* **Requirement**:
Take the line that contains "ワークシャツの方は、スウェットパンツと合わせラフなスタイリングに♪" and every line below it to the end of the entries, and give them again exactly, leaving out any pictures.

* **Raw data**:
+++++

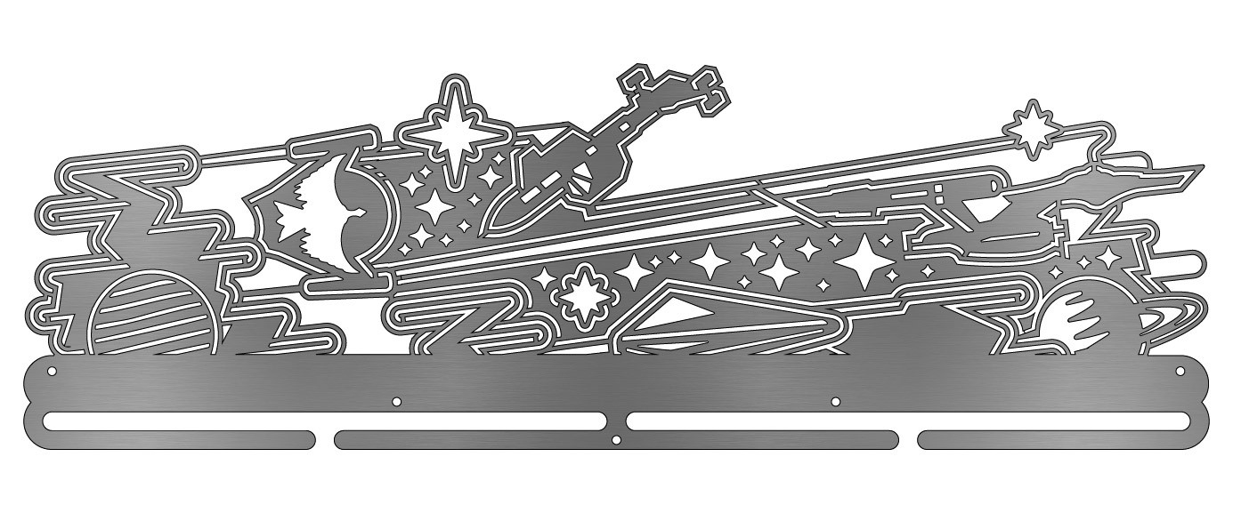 A stylized cosmic horizon bib and medal display inspired by deep-space exploration, starships, and iconic sci-fi vistas. Designed for anyone who dreams beyond the stars or treks through distant worlds. Beam us up!
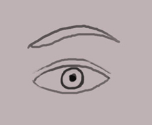 首先描绘眼睛的草图。值得注意的是,眼睛左边眼腺之处,线条是向下垂,到了底部又稍微向上翘的。我注意到不少人都忘记画泪腺。
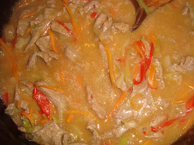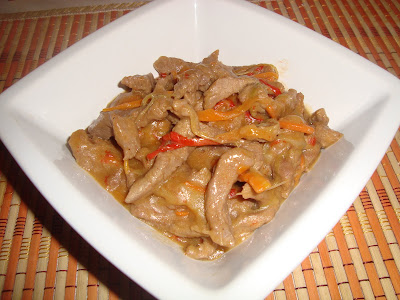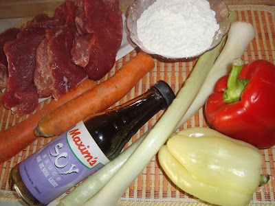Se taie carnea de vita fasii subtiri si se lasa 1-2 ore la marinat in sosul de soia.
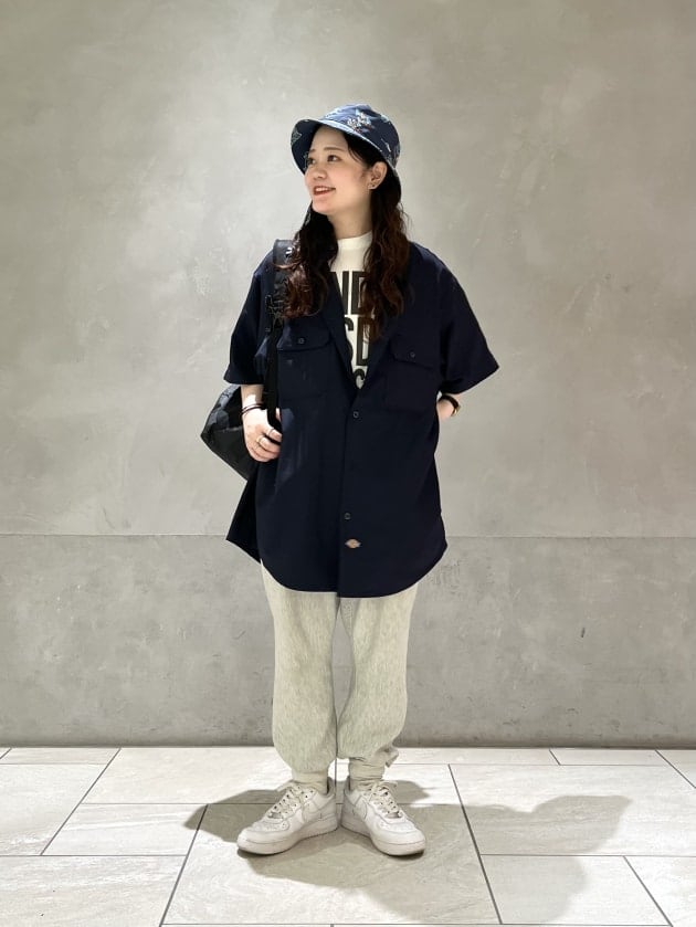 ワークシャツの方は、スウェットパンツと合わせラフなスタイリングに♪
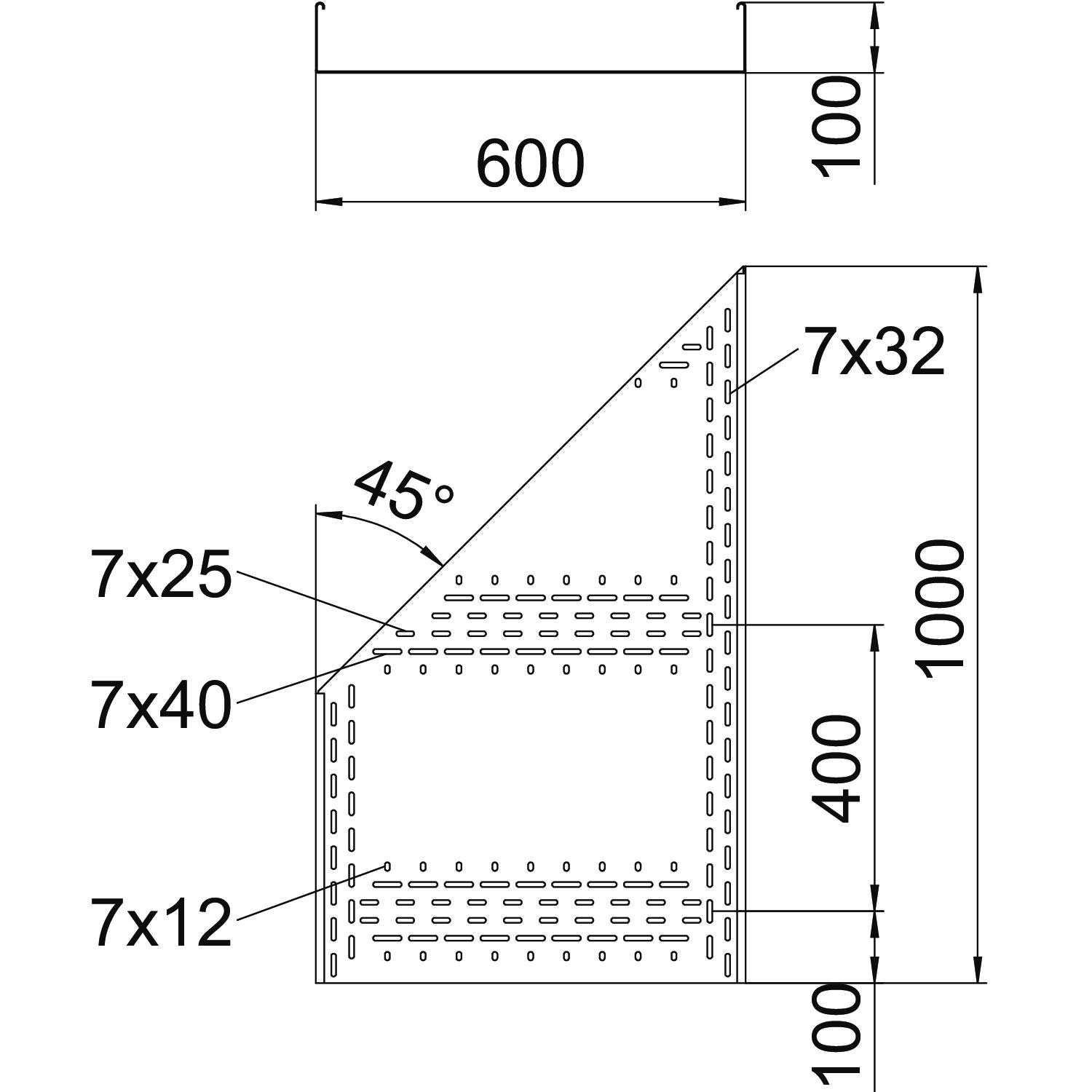 Bend (angle) 45° Change of direction Horizontal CO2 Footprint (GWP) Cradle-to-Gate 26,3348 kg CO2e / 1 Piece Colour zinc Connector version Without connectors Dimension 100x600x1000 Dimension B 600 mm Dimension H 100 mm Dimension L 1000 mm Height 100 mm Length 1000 mm Maintain electrical functions no Material Steel Mounting perforation in base yes NATO hole pattern no Permitted temperature range, max. 120 °C Permitted temperature range, min. -20 °C Plate thickness 2 mm Rustproof steel, pickled no Side perforation yes Surface Strip galvanized Type Bend, rigid Type of connector, cable support system Screwed Wide-span version no Width 600 mm - All types

+++++

* **Worked solution**:
 ワークシャツの方は、スウェットパンツと合わせラフなスタイリングに♪
 Bend (angle) 45° Change of direction Horizontal CO2 Footprint (GWP) Cradle-to-Gate 26,3348 kg CO2e / 1 Piece Colour zinc Connector version Without connectors Dimension 100x600x1000 Dimension B 600 mm Dimension H 100 mm Dimension L 1000 mm Height 100 mm Length 1000 mm Maintain electrical functions no Material Steel Mounting perforation in base yes NATO hole pattern no Permitted temperature range, max. 120 °C Permitted temperature range, min. -20 °C Plate thickness 2 mm Rustproof steel, pickled no Side perforation yes Surface Strip galvanized Type Bend, rigid Type of connector, cable support system Screwed Wide-span version no Width 600 mm - All types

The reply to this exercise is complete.